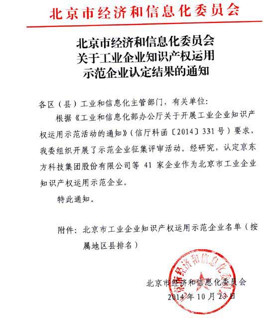根據(jù)《工業(yè)和信息化部辦公廳關(guān)于開展工業(yè)企業(yè)知識產(chǎn)權(quán)運(yùn)用示范活動的通知》(信廳科函[2014]31號)要求,北京市經(jīng)濟(jì)和信息化委員會組織開展了示范企業(yè)征集評審活動。經(jīng)過多輪評審,認(rèn)定北京41家企業(yè)為北京市工業(yè)企業(yè)知識產(chǎn)權(quán)運(yùn)用示范企業(yè)。
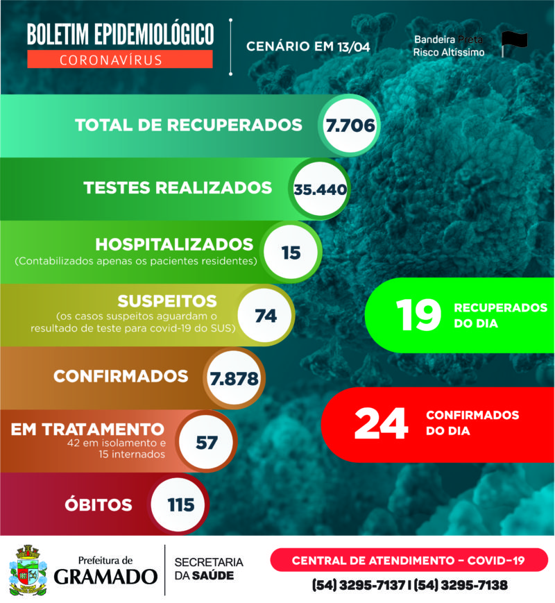 O Centro de Operações de Emergências (COE) Gramado, registrou nesta terça-feira (13), 24 novos casos e 19 recuperados do coronavírus (Covid-19). Ao todo, 57 pessoas estão em tratamento, sendo 15 hospitalizados e 42 em isolamento domiciliar. Desde o início da pandemia, Gramado realizou 35.440 testes nas redes pública e privada, confirmando 7.878 casos, dos quais 7.706 […]
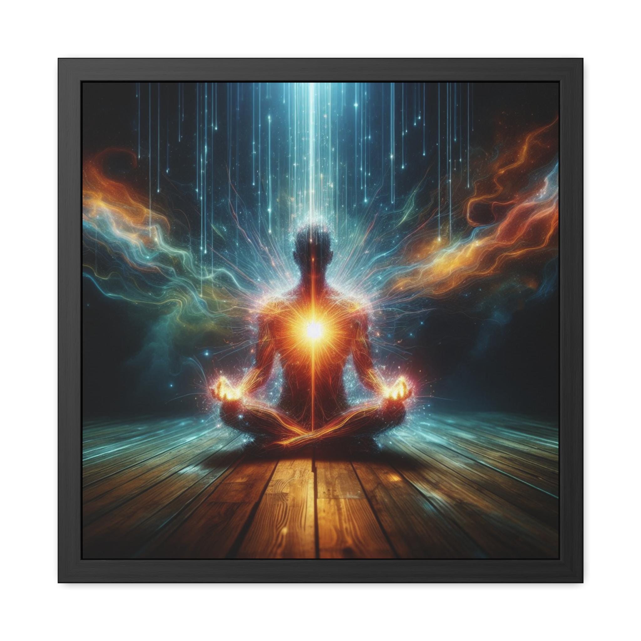 A radiant figure sits in meditation, heart illuminated and energy streams flowing through body and cosmos. This artwork symbolizes the power of welcoming intensity, embracing the force of life in its raw brilliance, and transforming it into clarity, strength, and spiritual expansion.
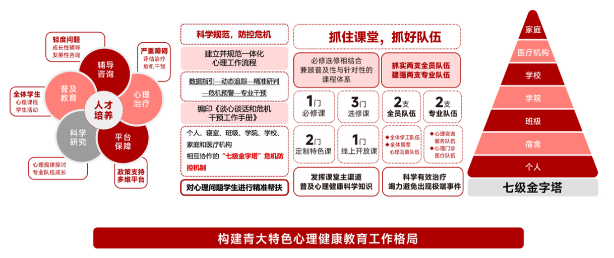 以积极心理学为导向,构建“预防-干预-发展”三位一体心理育人体系,完善“七级金字塔”危机预警和干预机制,成立生命教育研究中心、鸭脖杰正大学生心理干预研究所。精确排查,一年两次全覆盖心理筛查,春季学期覆盖全体学生,秋季学期覆盖全体新生,形成重点群体数据库,“一生一策”精准指导。完善危机响应机制,强化“四协同”:家校协同、咨诊协同、医校协同、校警协同,危机干预日常化、精准化、规范化,全力防控危机事件发生。强化心理服务供给,建设省内高校首家校园心理门诊,坐诊时间扩至8个半天。开展千人大型心理团体辅导。建强队伍,配备11名专职心理教师,师生比实现1:4000,每年培育班级心理委员、宿舍心理信息员近6000人,获评“全国大学生心理健康教育工作先进单位”。
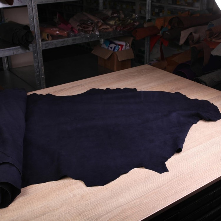 Натуральна замша велюр одяговий вівця темного синього кольору.
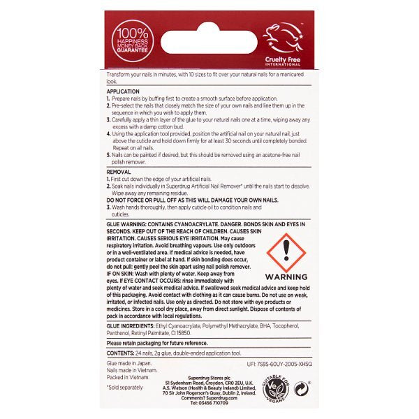glue warning contains cyanoacrylate danger bonds skin in seconds keep out of reach of children causes skin irritaton may cause respiratory irritation avoid breathing fumes and vapours use only outdoors or in wellventilated area if medical advice is needed have product container or label at hand eye irritant bonds skin and eyes instantly if skin bonds do not pull soak in warm water or use nail polish remover and peel gently apart if eye contact occurs rinse immediately with plenty of water and seek medical advice if swallowed seek medical advice and keep hold of this packaging avoid contact with clothing as it can cause burns do not use on weak irritated or infected nails use only as directed do not store with eye products or medicines
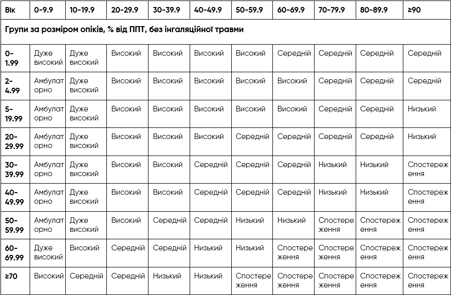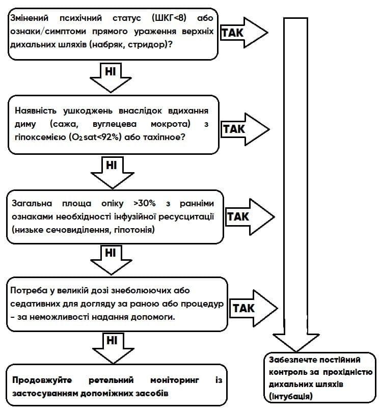 - Якщо можливості медичного закладу не відповідають наявним потребам, проведіть сортування відповідно до «Діаграми сортування ресурсів для опікової травми під час катастрофи» (див. Додаток).
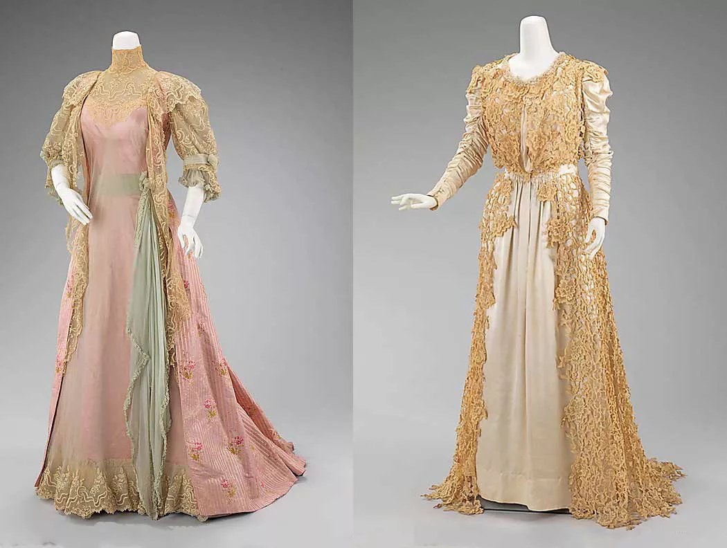 К 1910 г. такие платья стали претерпевать изменения под влиянием работ Поля Пуаре, чьи атласные и шелковые наряды, навеянные восточными мотивами, стали очень популярны среди элиты. Большим хитом 1910 г. в Лондоне стали дамские шаровары в качестве костюмированного вечернего наряда!
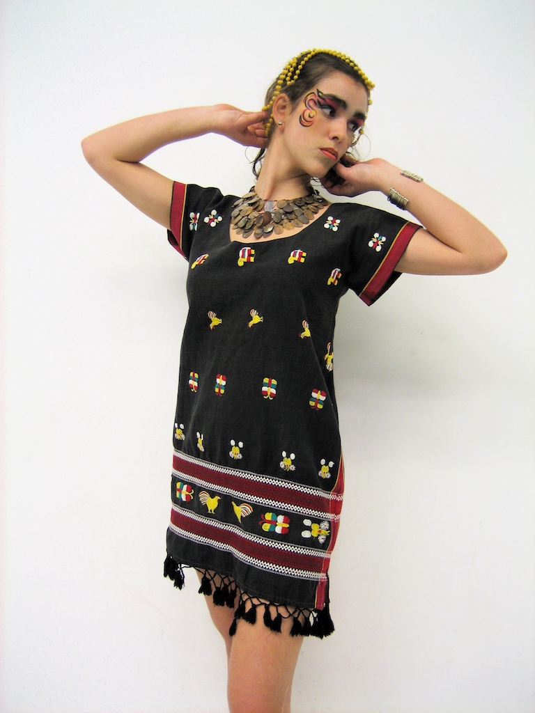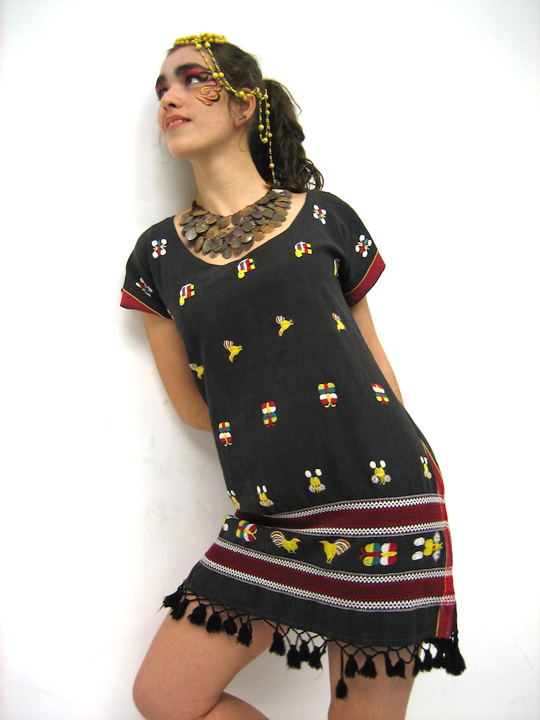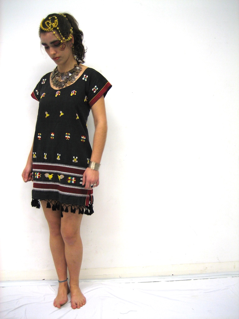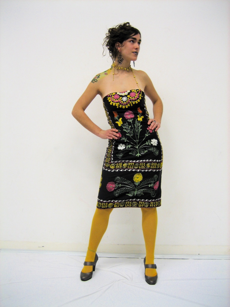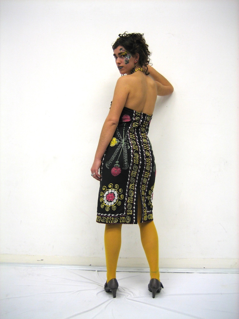This was an Indian cotton bed throw that I cut in half and made two dresses from. Boned for extra support.
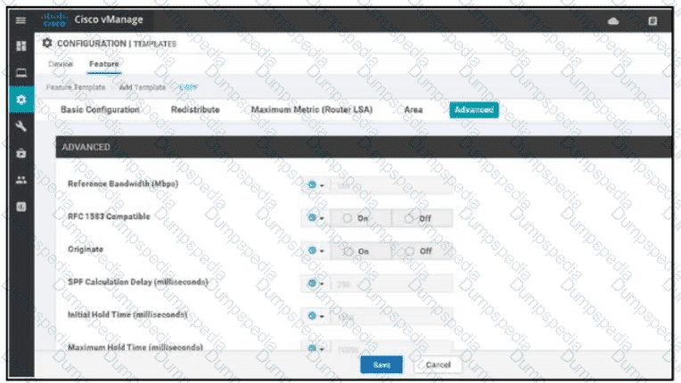 Refer to the exhibit. A network administrator is configuring OSPF advanced configuration pararmeters from a template using the vManager GUI for a branch WAN Edge router to calculate the cost of summary routes to an ASBR. Which action achieves this configuration?

========

Output the records above as they stand, from the first line to the line with "Натуральна замша велюр", inclusive, and exclude the pictures.

根據(jù)《工業(yè)和信息化部辦公廳關(guān)于開展工業(yè)企業(yè)知識產(chǎn)權(quán)運(yùn)用示范活動的通知》(信廳科函[2014]31號)要求,北京市經(jīng)濟(jì)和信息化委員會組織開展了示范企業(yè)征集評審活動。經(jīng)過多輪評審,認(rèn)定北京41家企業(yè)為北京市工業(yè)企業(yè)知識產(chǎn)權(quán)運(yùn)用示范企業(yè)。
 O Centro de Operações de Emergências (COE) Gramado, registrou nesta terça-feira (13), 24 novos casos e 19 recuperados do coronavírus (Covid-19). Ao todo, 57 pessoas estão em tratamento, sendo 15 hospitalizados e 42 em isolamento domiciliar. Desde o início da pandemia, Gramado realizou 35.440 testes nas redes pública e privada, confirmando 7.878 casos, dos quais 7.706 […]
 A radiant figure sits in meditation, heart illuminated and energy streams flowing through body and cosmos. This artwork symbolizes the power of welcoming intensity, embracing the force of life in its raw brilliance, and transforming it into clarity, strength, and spiritual expansion.
 以积极心理学为导向,构建“预防-干预-发展”三位一体心理育人体系,完善“七级金字塔”危机预警和干预机制,成立生命教育研究中心、鸭脖杰正大学生心理干预研究所。精确排查,一年两次全覆盖心理筛查,春季学期覆盖全体学生,秋季学期覆盖全体新生,形成重点群体数据库,“一生一策”精准指导。完善危机响应机制,强化“四协同”:家校协同、咨诊协同、医校协同、校警协同,危机干预日常化、精准化、规范化,全力防控危机事件发生。强化心理服务供给,建设省内高校首家校园心理门诊,坐诊时间扩至8个半天。开展千人大型心理团体辅导。建强队伍,配备11名专职心理教师,师生比实现1:4000,每年培育班级心理委员、宿舍心理信息员近6000人,获评“全国大学生心理健康教育工作先进单位”。
 Натуральна замша велюр одяговий вівця темного синього кольору.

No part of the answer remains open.